In an analysis of 39 major banks, Malta grabbed the European top spot when it came to ghost banks, with 14 off such operating in the country with practically negligible staff.
Five specific banks, BBVA, Banco Santander, Deutsche Bank, BZ Bank and UniCredit, have benefitted massively from the system.
Spanish bank BBVA, who has fewer than 15 employees in Malta, has made over €100 million in profit every year since 2017, making a total of €440 million since 2016. However, they have only paid €26 million in income tax at a rate of less than 6%.
German behemoth Deutsche Bank managed to rake in €418 million profit between 2015 and 2019, paying just 4.5% in tax. That’s roughly eight times less than the income tax rate in Malta.
Malta currently has a tax rate of 35% on declared profits. However, the country’s controversial tax rebate system for resident companies allows banks to get a refund of 68.9%.
Still, from 2015 to 2019, ghost banks paid a total effective corporate tax rate of only 9 per cent on their profits in Malta – almost four times lower than Malta’s official tax rate.
Transparency International estimates that ghost banks generated €590 million in Malta between 2015 and 2019 – a number comparable to the total volume of all profits made in Slovenia during the same period.
“It only takes one tax planning department for a multinational firm to reshuffle its profits, so the money earned in Italy or Germany appears under the accounts of Malta or Saudi Arabia.”
“Subsidising large corporations without any regard for their tax behaviour and structure might easily end up as an investment that will never contribute to the country whose taxpayer pays their bills,” Transparency International said.

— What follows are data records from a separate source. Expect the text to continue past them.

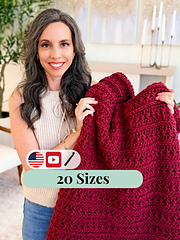 With 20 size options, this versatile crochet blanket pattern can be made into everything from loveys and baby blankets to full-size throws and king-sized bed blankets.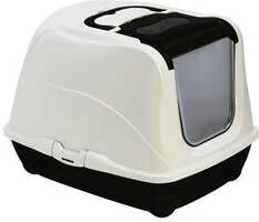 De Moderna Kattentoilet Flip Cat Zwart is een kattenbak met bovenstuk en een klep aan de voorkant. Inclusief kattenbakschepje.
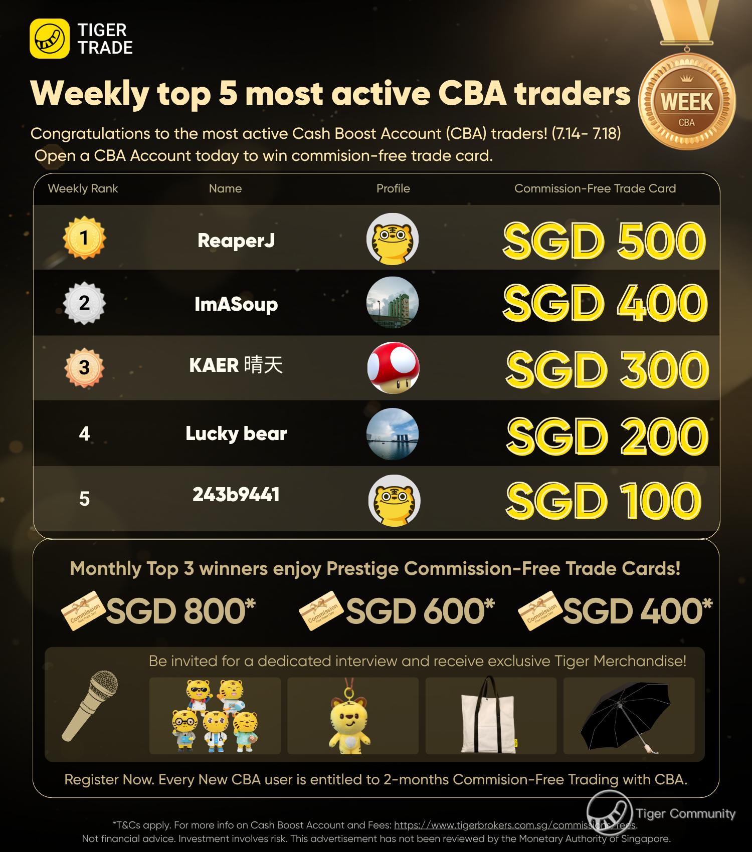 🎉🎉Here we present the top 5 most active/promising Cash Boost Account (CBA) traders for the week July 14th-July 18th!🎉🎉

Transparency International’s analysis covers a wide range of banks and jurisdictions, raising major questions on the industry as a whole.
At least 32 out of 39 banks have substantial operations in low-tax EU jurisdictions, with Ireland, Luxembourg and Malta the most lucrative destinations. Meanwhile, at least 29 out of 39 banks declare high profits in jurisdictions where they do not employ anyone, suggesting widespread profit shifting.